■ **Data extracts**
---+---
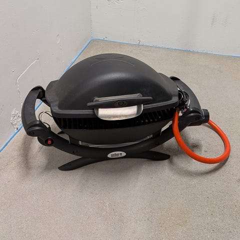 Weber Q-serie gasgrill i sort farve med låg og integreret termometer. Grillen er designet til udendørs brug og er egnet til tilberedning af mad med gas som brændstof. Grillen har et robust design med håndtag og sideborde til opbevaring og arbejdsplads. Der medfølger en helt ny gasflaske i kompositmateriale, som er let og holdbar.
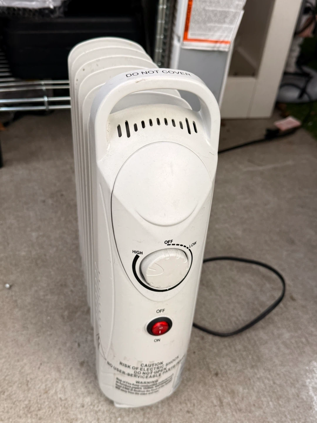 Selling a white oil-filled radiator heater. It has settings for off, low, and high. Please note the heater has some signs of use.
---+---
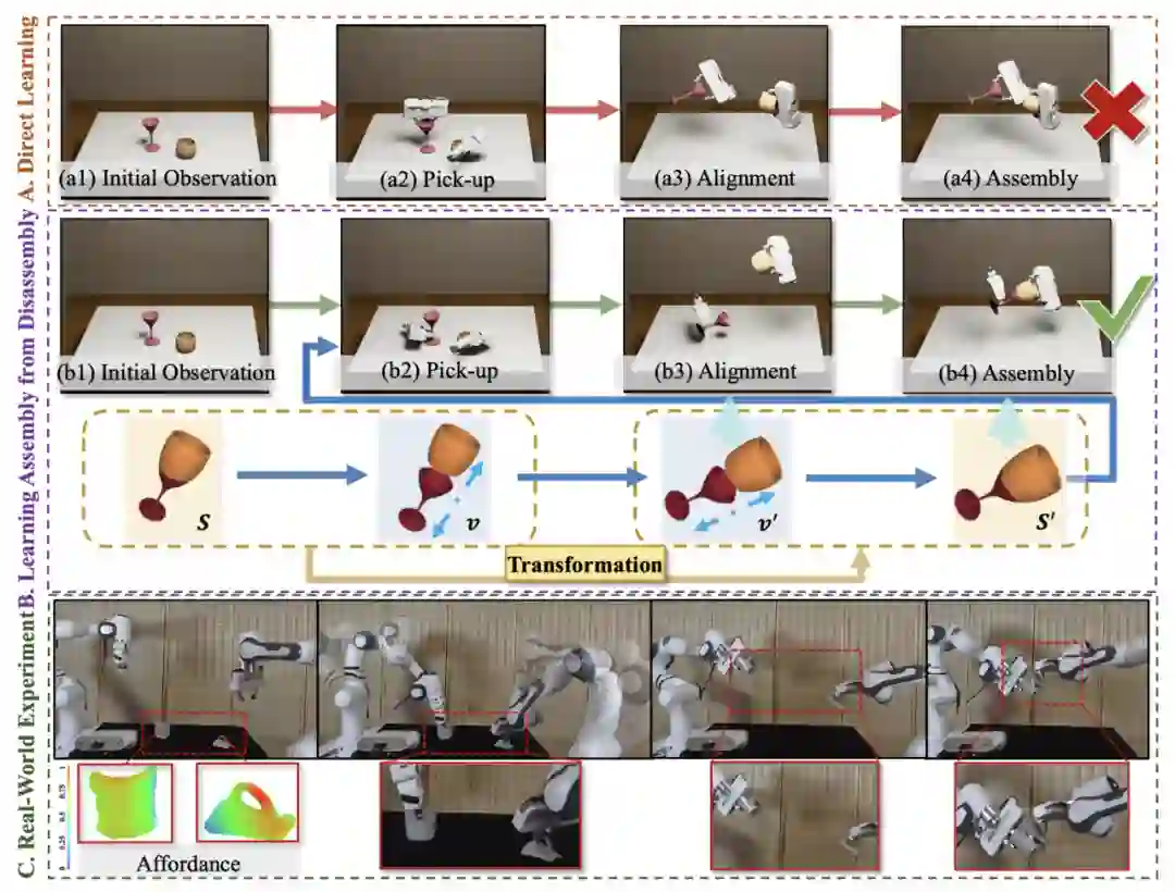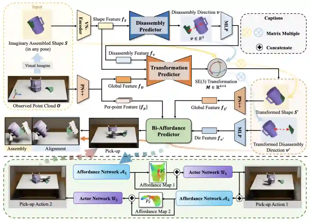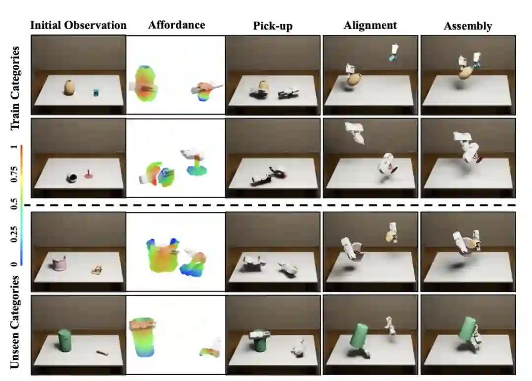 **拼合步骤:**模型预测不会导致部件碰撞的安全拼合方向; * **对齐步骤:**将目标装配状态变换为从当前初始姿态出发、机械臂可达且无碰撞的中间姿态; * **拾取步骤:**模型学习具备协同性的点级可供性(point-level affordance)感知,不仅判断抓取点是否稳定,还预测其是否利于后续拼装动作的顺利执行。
---+---
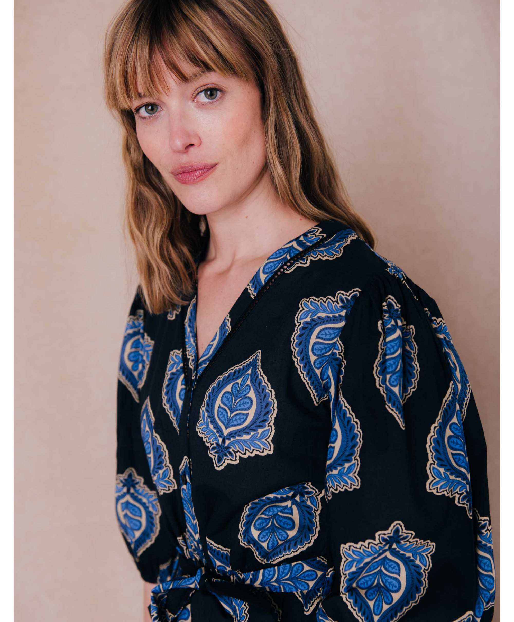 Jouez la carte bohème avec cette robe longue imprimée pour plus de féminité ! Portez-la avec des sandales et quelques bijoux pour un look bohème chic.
---+---
■ **Task requirements**
Within the listing above, the lines from the one with "Weber Q-serie gasgrill" through the one with "Selling a white" are to be given again word for word. Do not include pictures.

■ **Exercise solution**
 Weber Q-serie gasgrill i sort farve med låg og integreret termometer. Grillen er designet til udendørs brug og er egnet til tilberedning af mad med gas som brændstof. Grillen har et robust design med håndtag og sideborde til opbevaring og arbejdsplads. Der medfølger en helt ny gasflaske i kompositmateriale, som er let og holdbar.
 Selling a white oil-filled radiator heater. It has settings for off, low, and high. Please note the heater has some signs of use.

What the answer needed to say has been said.